Después del triunfo frente a Estudiantes y en la antesala del debut en la Copa Sudamericana, San Lorenzo también se mueve fuerte fuera de la cancha. Con los dos cupos disponibles por las graves lesiones de Gastón Hernández y Ezequiel Cerutti, la idea de Gustavo Álvarez es clara: sumar variantes para afrontar un semestre cargado entre torneo local y competencia internacional.
La principal preocupación sigue siendo la misma desde aquel post partido frente a Boca: la necesidad de incorporar un marcador central para reemplazar a Tonga. En ese contexto, en las últimas horas el club hizo un movimiento importante que le permite seguir negociando sin resignar la posibilidad de usar a un eventual refuerzo en la Copa.
¿Qué hizo? Inscribió a Agustín García Basso y a Ramiro Funes Mori en la lista de buena fe de la Sudamericana, que cerró el viernes. La maniobra le abre la puerta a San Lorenzo para seguir avanzando por alguno de los dos —o incluso por ambos— y, en caso de cerrar la operación, poder utilizarlos también en el certamen continental, además del torneo argentino.
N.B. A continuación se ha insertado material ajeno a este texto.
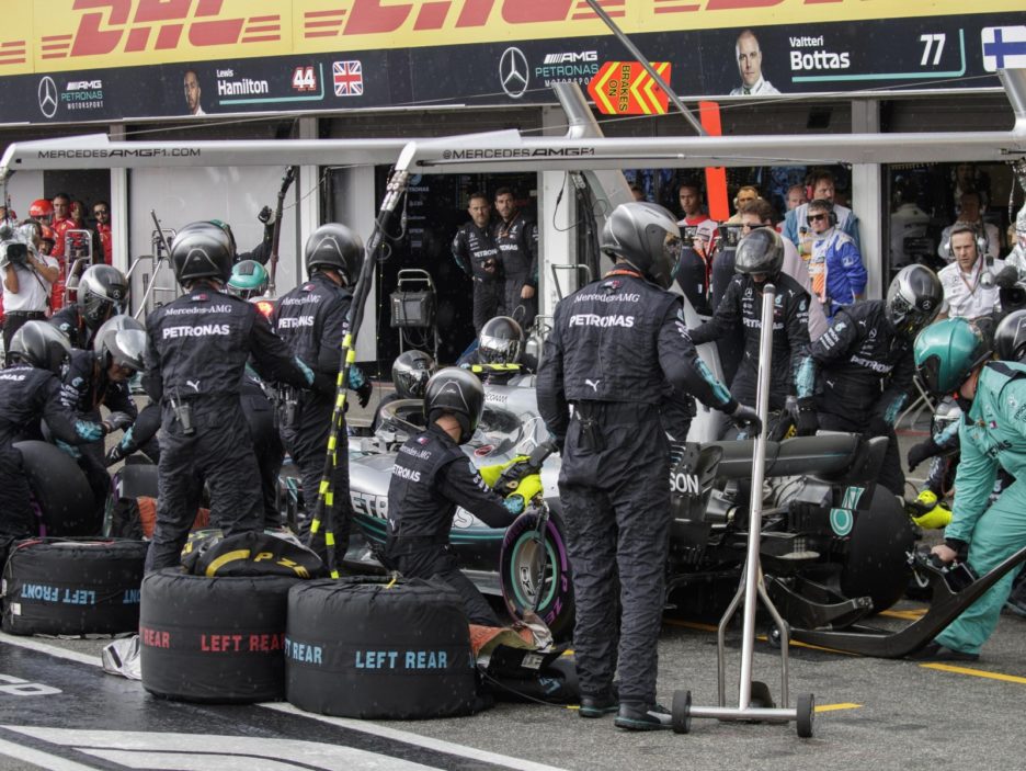 Credits: epa06904762 Finish Formula One driver Valtteri Bottas of Mercedes AMG GP in the pit stop during the 2018 Formula One Grand Prix of Germany at the Hockenheimring in Hockenheim, Germany, 22 July 2018. EPA/VALDRIN XHEMAJ / POOL

La prioridad sigue siendo García Basso, el central de Racing por el que Boedo ya había insistido hace varias semanas. Incluso ahora, con el debut copero a la vuelta de la esquina, el Ciclón volvió a acelerar por él y ya presentó una oferta formal por un préstamo hasta diciembre con un cargo de 150.000 dólares y una opción de compra de 700.000.
🚨Detalles de la oferta de #SanLorenzo por García Basso
— Germán García Grova (@GerGarciaGrova) April 5, 2026
📌Préstamo hasta fin de año con un cargo de US$150.000 y una opción de compra de US$700.000
📍Ésta noche está pautada una comunicación para que #Racing responda. https://t.co/4GTWQCVbS4
Del lado del futbolista, además, existe predisposición para salir. García Basso ya había hecho fuerza hace un tiempo para cambiar de aire, en medio de una situación contractual tensa con Racing, club con el que arrastra diferencias por la actualización de su vínculo y por trabas que ya tuvo cuando aparecieron otras ofertas.
Sin embargo, la postura de Racing hasta ahora fue otra. La dirigencia de Avellaneda no venía contemplando una cesión y su idea era venderlo, con una cotización cercana a los 2 millones de dólares. Por eso, ahora habrá que esperar si la presión del jugador y el nuevo intento de San Lorenzo logran modificar esa posición.
Más allá de que en Racing volvió a sumar minutos —incluso el último clásico lo jugó por la lesión de Gabriel Rojas—, en Boedo no bajan los brazos. La necesidad está marcada, Álvarez dio el OK y la dirigencia ya volvió a la carga. ¿Y qué pasa si no hay acuerdo? Ahí habría que empezar a acelerar por la opción de Funes Mori.
En plena previa de la Sudamericana, San Lorenzo también juega su partido en el mercado.